Keywords: ChatGPT, Google Bard, medical inquiries, comparison, madical AI
Introduction
Artificial Intelligence (AI) and Machine Learning (ML) are interconnected technologies recently gaining significant popularity. AI involves creating intelligent machines capable of performing tasks that typically require human intelligence, such as visual perception, speech recognition, decision-making, and language translation. ML, a subset of AI, focuses on developing algorithms and statistical models that enable machines to learn from data and improve their performance over time without explicit programming (1, 2). AI is at the forefront of transforming various aspects of our lives by altering how we analyze information and enhancing decision-making through problem-solving, reasoning, and learning (3).
In the dynamic domain of AI chatbots, the comparative analysis of ChatGPT and Gemini (formerly known as Google's Bard) has emerged as a focal point, particularly in medical inquiries (1, 2).

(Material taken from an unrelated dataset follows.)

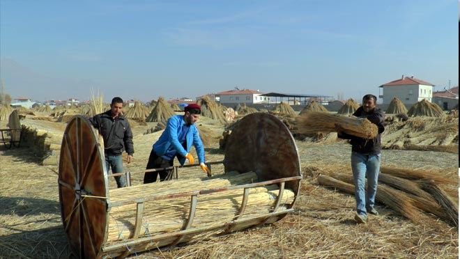 Kamış işletmecisi Turgut Tuna kamış toplama işinin zor bir uğraş olduğuna vurgu yapıp Kasım ayının ortalarında başladığını hatırlatarak şunları kaydetti. “Mahallemizin insanların Kasım ayının ortası geldiği zaman Sultan Sazlığında kamış kesimine başlar. Kamışın kesilebilmesi için ağaçlaşmış bir vaziyete gelmesi gerekiyor. Sert bir halde üzerinde bir yaprak olmaması lazım. Bu durumda kamışın soğuğu iyice yemesi ile oluşuyor. Hava soğuk olunca kamış yaprağını döküyor ve içerisindeki suyu atarak, ağaçlaşmış bir vaziyete geliyor. Bunun oluşması için soğukluk seviyesini eksi 5’leri bulması gerekiyor. Bu Aralık ayının 20’si gibi eksi 20 derecede buzun üzerinde kamış kesimi yaptığımız yıllar oldu. Buzun üzerinde kesim yaptığımız zaman daha kaliteli ürün elde ediyoruz. Yani soğuğun derecesi arttıkça kamış, ağaçlaşma evresini daha iyi gerçekleştirmiş oluyor”

Recent investigations have explored the precision and effectiveness of these AI models in fielding medical questions across various specialties (1, 4–7). These studies demonstrate ChatGPT's capabilities in diagnostic imaging and clinical decision support, underscoring its potential value in healthcare settings (4–6).
In recent years, AI models like ChatGPT and Gemini have significantly impacted natural language processing, particularly in healthcare. ChatGPT, developed by OpenAI, provides relevant and accurate text-based responses using a large dataset (1, 5). While Gemini, from Google DeepMind, integrates multimodal capabilities, handling text, audio, and video, which is especially useful in medical imaging (5). However, both models face challenges. ChatGPT, for example, shows variability in psychiatric assessments and struggles with complex cases (2). Additionally, AI models still struggle to interpret nuanced human emotions and contexts (4).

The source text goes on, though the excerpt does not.